Even something seemingly as simple as gender is far from simple. Claire Ainsworth has a fascinating piece, Sex redefined (nature.com), where she describes the new understanding that has developed. She writes that, “Sex can be much more complicated than it at first seems. According to the simple scenario, the presence or absence of a Y chromosome is what counts: with it, you are male, and without it, you are female. But doctors have long known that some people straddle the boundary — their sex chromosomes say one thing, but their gonads (ovaries or testes) or sexual anatomy say another. Parents of children with these kinds of conditions — known as intersex conditions, or differences or disorders of sex development (DSDs) — often face difficult decisions about whether to bring up their child as a boy or a girl.”

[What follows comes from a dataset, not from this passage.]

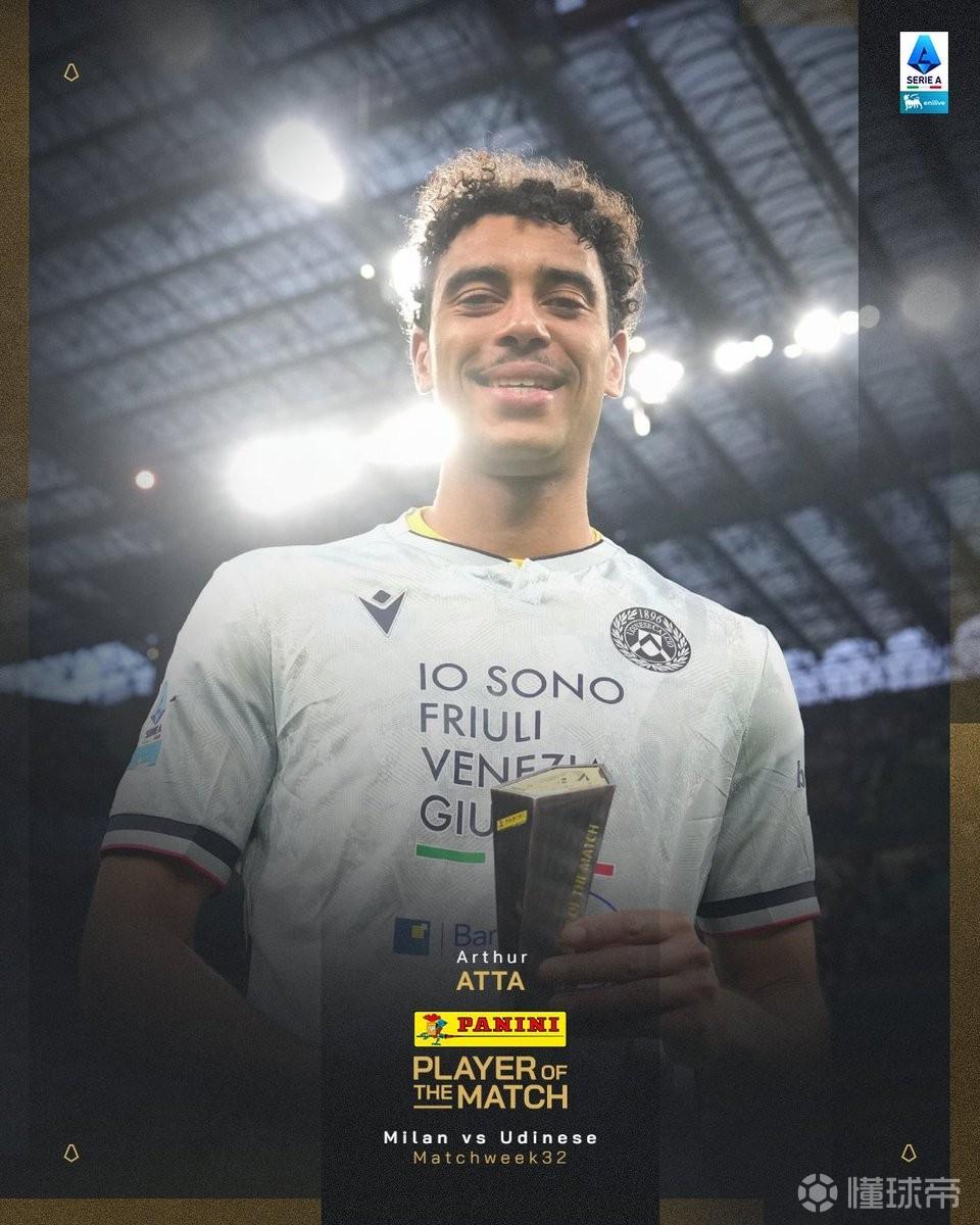 造乌龙+进球,阿塔当选乌迪内斯客场3-0米兰全场最佳球员
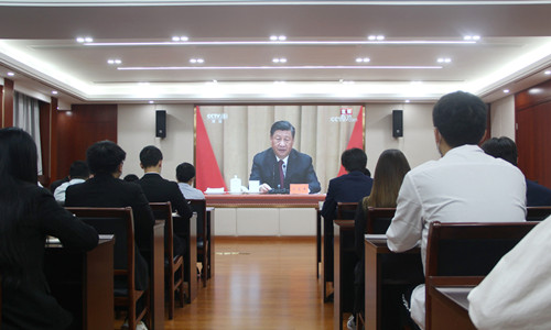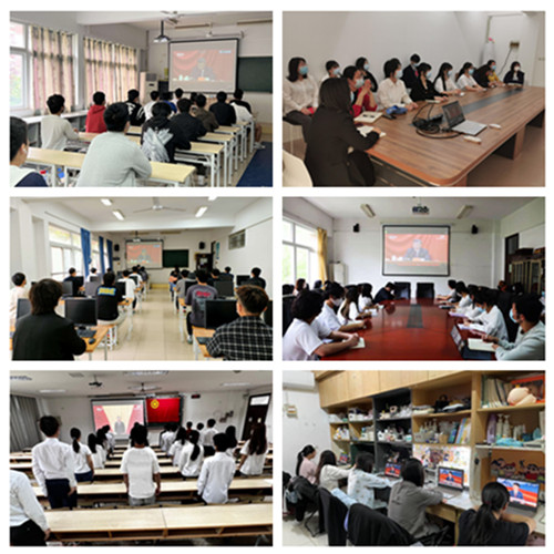 户外露出 采取“主会场+分会场”线上、线下相结合的方式,组织团员青年收看庆祝大会直播,引导全院学生认真学习领会习近平总书记重要讲话精神。

This isn’t all that rare considering that, “Some researchers now say that as many as 1 person in 100 has some form of DSD.” And, “What’s more, new technologies in DNA sequencing and cell biology are revealing that almost everyone is, to varying degrees, a patchwork of genetically distinct cells, some with a sex that might not match that of the rest of their body. Some studies even suggest that the sex of each cell drives its behaviour, through a complicated network of molecular interactions. Gender should be one of the most obvious areas to prove genetic determinism, if it could be proven. But clearly there is more going on here. The inheritance and expression of traits is a messy process. And we are barely scratching the surface. I haven’t seen any research that explores how epigenetics, microbiome, etc could influence gender or similar developmental results.

What and where is memory?

Memories May Not Live in Neurons’ Synapses
By Roni Jacobson, Scientific American

“If memory is not located in the synapse, then where is it? When the neuroscientists took a closer look at the brain cells, they found that even when the synapse was erased, molecular and chemical changes persisted after the initial firing within the cell itself. The engram, or memory trace, could be preserved by these permanent changes. Alternatively, it could be encoded in modifications to the cell’s DNA that alter how particular genes are expressed. Glanzman and others favor this reasoning.”

Mice Inherit the Fears of Their Fathers
By Virginia Hughes

“Now a fascinating new study reveals that it’s not just nurture. Traumatic experiences can actually work themselves into the germ line. When a male mouse becomes afraid of a specific smell, this fear is somehow transmitted into his sperm, the study found. His pups will also be afraid of the odor, and will pass that fear down to their pups.”